28. The pharmaceutical product according to any one of claims 1 to 15, wherein CH5126766 or a pharmaceutically acceptable salt thereof is administered twice a week at a dose of approximately 4 mg, and VS-6063 or a pharmaceutically acceptable salt thereof is administered twice a day at a dose of approximately 400 mg.

29. The pharmaceutical product according to any one of claims 1 to 15, wherein CH5126766 or a pharmaceutically acceptable salt thereof is administered at a dose of 3.2 mg twice weekly, and VS-6063 or a pharmaceutically acceptable salt thereof is administered at a dose of 400 mg twice daily.

30. A pharmaceutical product according to any one of claims 1 to 29, wherein CH5126766 or a pharmaceutically acceptable salt thereof is used for oral administration.

31. A pharmaceutical product according to any one of claims 1 to 30, wherein VS-6063 or a pharmaceutically acceptable salt thereof is used for oral administration.

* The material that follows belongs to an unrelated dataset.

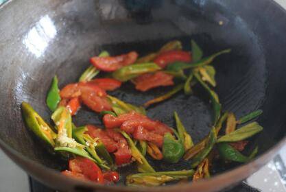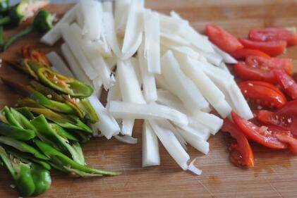 辣椒切片,西红柿切条。

32. A pharmaceutical product according to any one of claims 1 to 31, comprising a potassium salt of CH5126766 as a pharmaceutically acceptable salt of CH5126766.

33. A pharmaceutical product according to any one of claims 1 to 32, wherein the cancer has a mutation in the RAS.

34. A pharmaceutical product according to any one of claims 1 to 33, wherein the cancer has a mutation in HRAS, KRAS, or NRAS.

35. A pharmaceutical product according to any one of claims 1 to 34, wherein the cancer has a mutation in KRAS.